PROVIDED RECORDS:
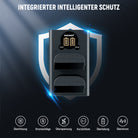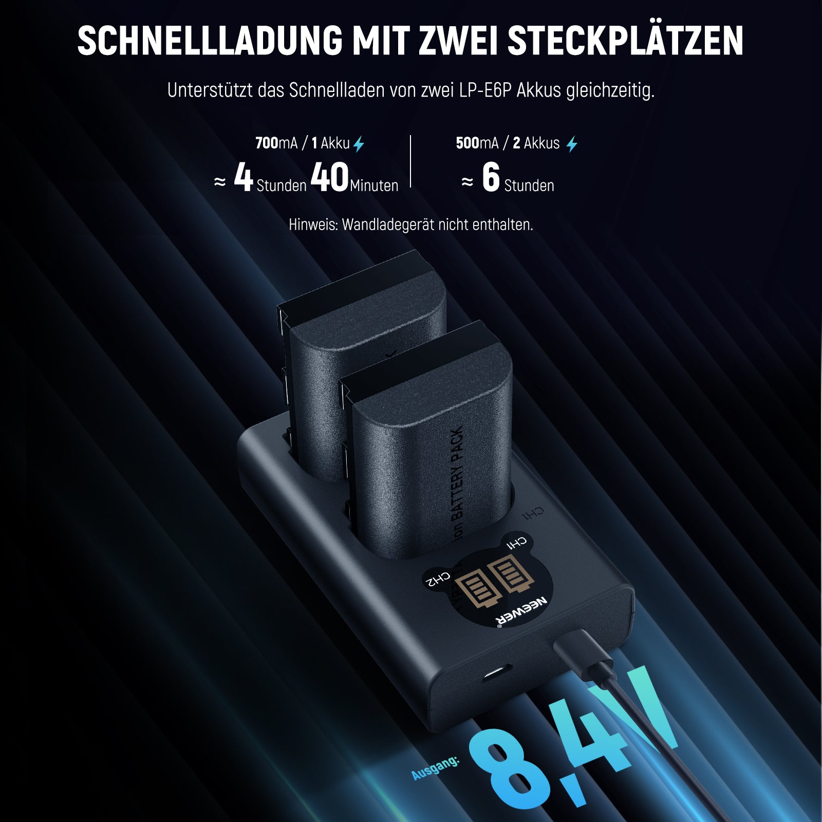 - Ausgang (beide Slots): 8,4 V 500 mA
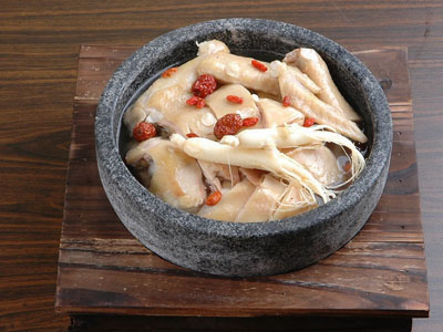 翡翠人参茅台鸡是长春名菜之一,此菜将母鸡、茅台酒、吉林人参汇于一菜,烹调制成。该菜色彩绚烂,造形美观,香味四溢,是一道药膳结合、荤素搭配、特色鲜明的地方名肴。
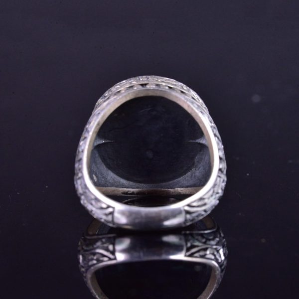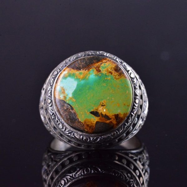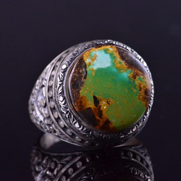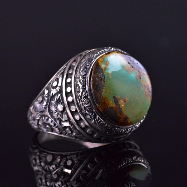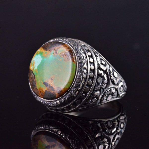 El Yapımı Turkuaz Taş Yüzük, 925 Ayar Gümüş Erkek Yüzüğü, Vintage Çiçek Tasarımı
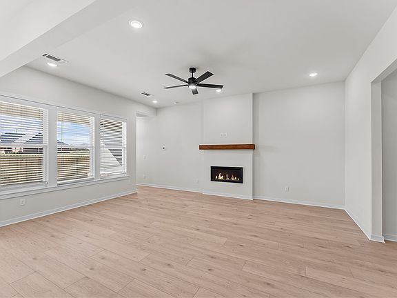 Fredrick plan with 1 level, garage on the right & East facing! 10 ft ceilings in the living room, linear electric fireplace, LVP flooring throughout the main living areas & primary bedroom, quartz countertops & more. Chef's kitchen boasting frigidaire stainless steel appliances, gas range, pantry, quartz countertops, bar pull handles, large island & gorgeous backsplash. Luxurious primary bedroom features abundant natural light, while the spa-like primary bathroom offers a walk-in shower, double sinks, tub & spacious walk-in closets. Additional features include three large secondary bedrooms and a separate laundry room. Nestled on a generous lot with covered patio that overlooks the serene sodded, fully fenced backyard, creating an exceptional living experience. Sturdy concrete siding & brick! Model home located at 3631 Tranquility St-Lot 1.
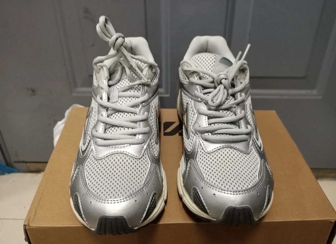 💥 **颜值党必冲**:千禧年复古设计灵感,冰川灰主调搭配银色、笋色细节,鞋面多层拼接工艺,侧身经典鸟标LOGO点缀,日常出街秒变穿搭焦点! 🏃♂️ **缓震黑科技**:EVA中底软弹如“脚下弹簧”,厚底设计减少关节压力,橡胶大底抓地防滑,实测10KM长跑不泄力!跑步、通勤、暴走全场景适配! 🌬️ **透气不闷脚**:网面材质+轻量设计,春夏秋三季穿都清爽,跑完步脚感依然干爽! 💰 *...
* * *
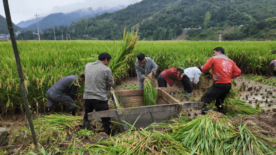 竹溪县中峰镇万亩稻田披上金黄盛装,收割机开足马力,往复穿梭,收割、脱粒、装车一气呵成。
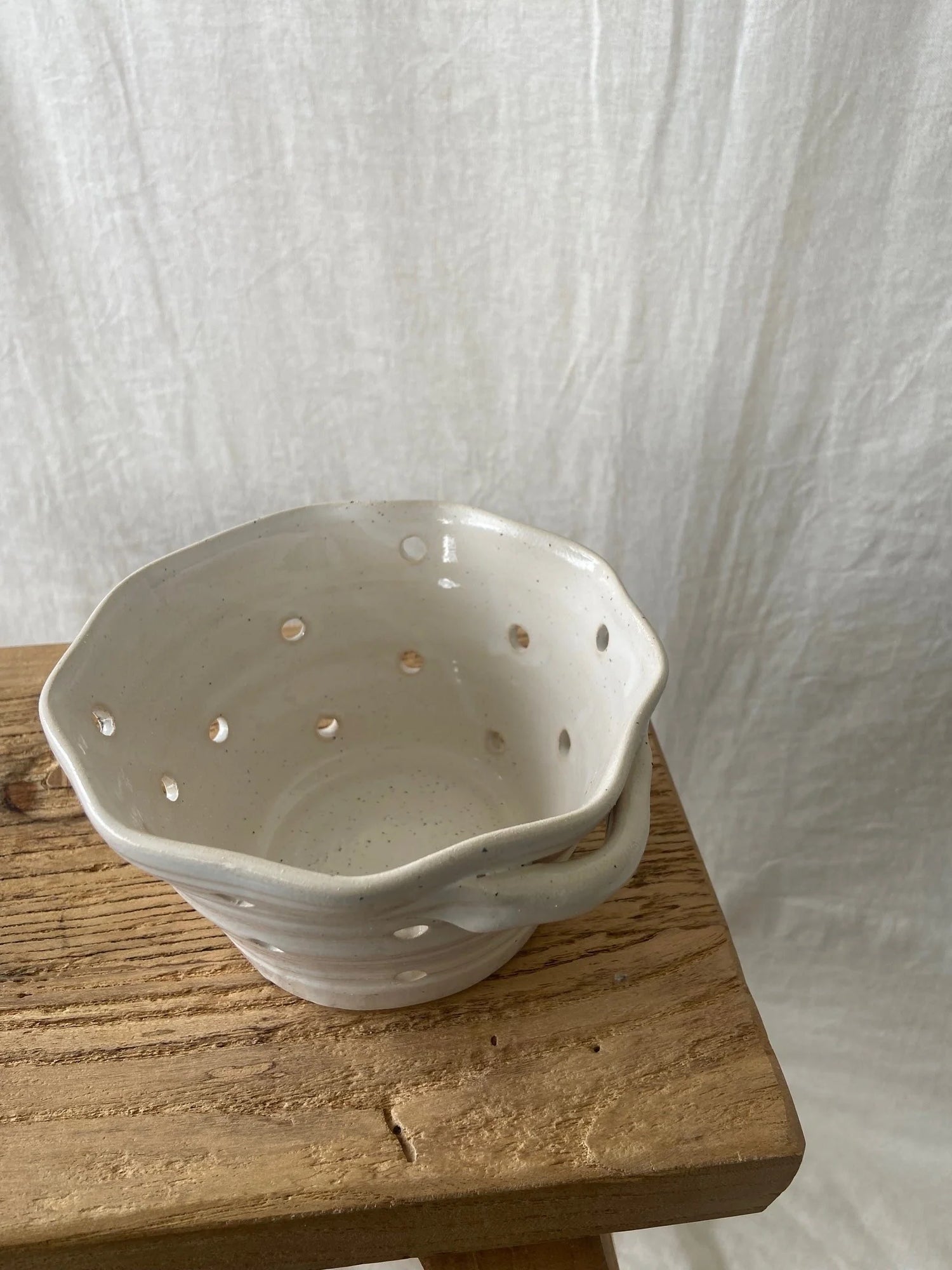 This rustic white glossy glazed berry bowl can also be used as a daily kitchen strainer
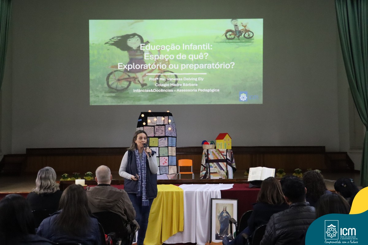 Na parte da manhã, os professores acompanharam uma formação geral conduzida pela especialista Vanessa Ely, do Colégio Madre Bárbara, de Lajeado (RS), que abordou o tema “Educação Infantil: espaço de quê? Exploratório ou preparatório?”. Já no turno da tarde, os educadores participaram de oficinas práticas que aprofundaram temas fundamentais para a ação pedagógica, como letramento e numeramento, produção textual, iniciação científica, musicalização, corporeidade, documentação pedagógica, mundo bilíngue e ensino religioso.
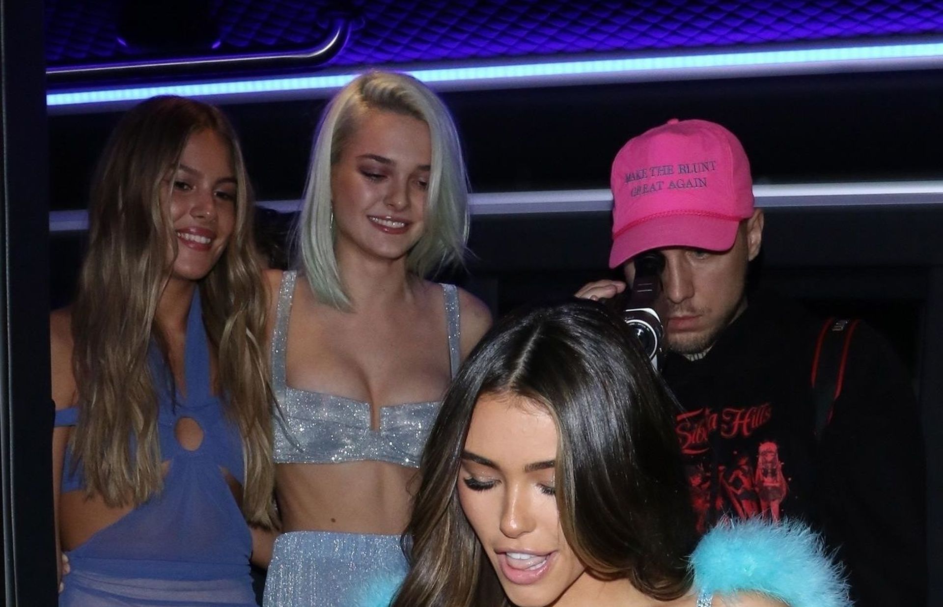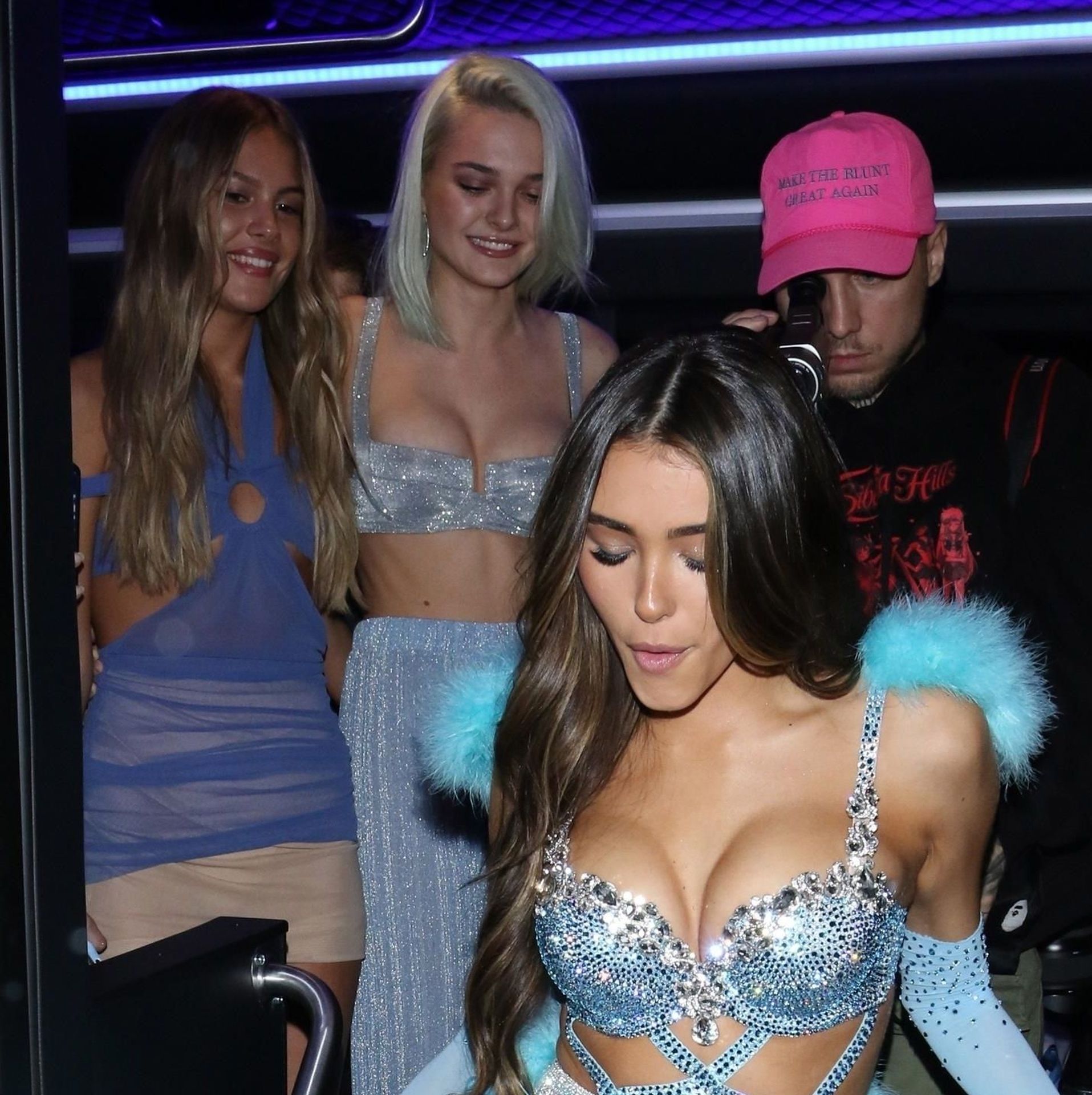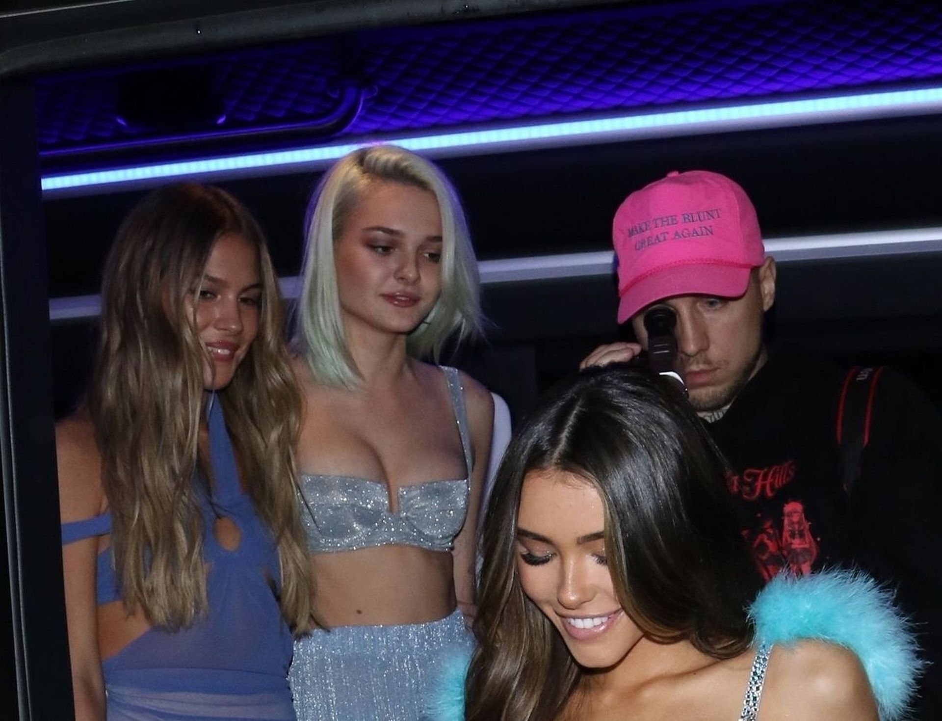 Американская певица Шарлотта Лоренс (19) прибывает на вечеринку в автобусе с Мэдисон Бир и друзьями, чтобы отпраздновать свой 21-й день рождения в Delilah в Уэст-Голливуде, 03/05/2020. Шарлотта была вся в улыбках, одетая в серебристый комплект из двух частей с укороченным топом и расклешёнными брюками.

EXERCISE REQUIREMENTS: Leave the pictures out. Output, exactly, the lines of the material above starting at the line containing "- Ausgang (beide Slots): 8,4 V 500 mA" and ending at the line containing "El Yapımı Turkuaz".

ANSWER BOX:
 - Ausgang (beide Slots): 8,4 V 500 mA
 翡翠人参茅台鸡是长春名菜之一,此菜将母鸡、茅台酒、吉林人参汇于一菜,烹调制成。该菜色彩绚烂,造形美观,香味四溢,是一道药膳结合、荤素搭配、特色鲜明的地方名肴。
 El Yapımı Turkuaz Taş Yüzük, 925 Ayar Gümüş Erkek Yüzüğü, Vintage Çiçek Tasarımı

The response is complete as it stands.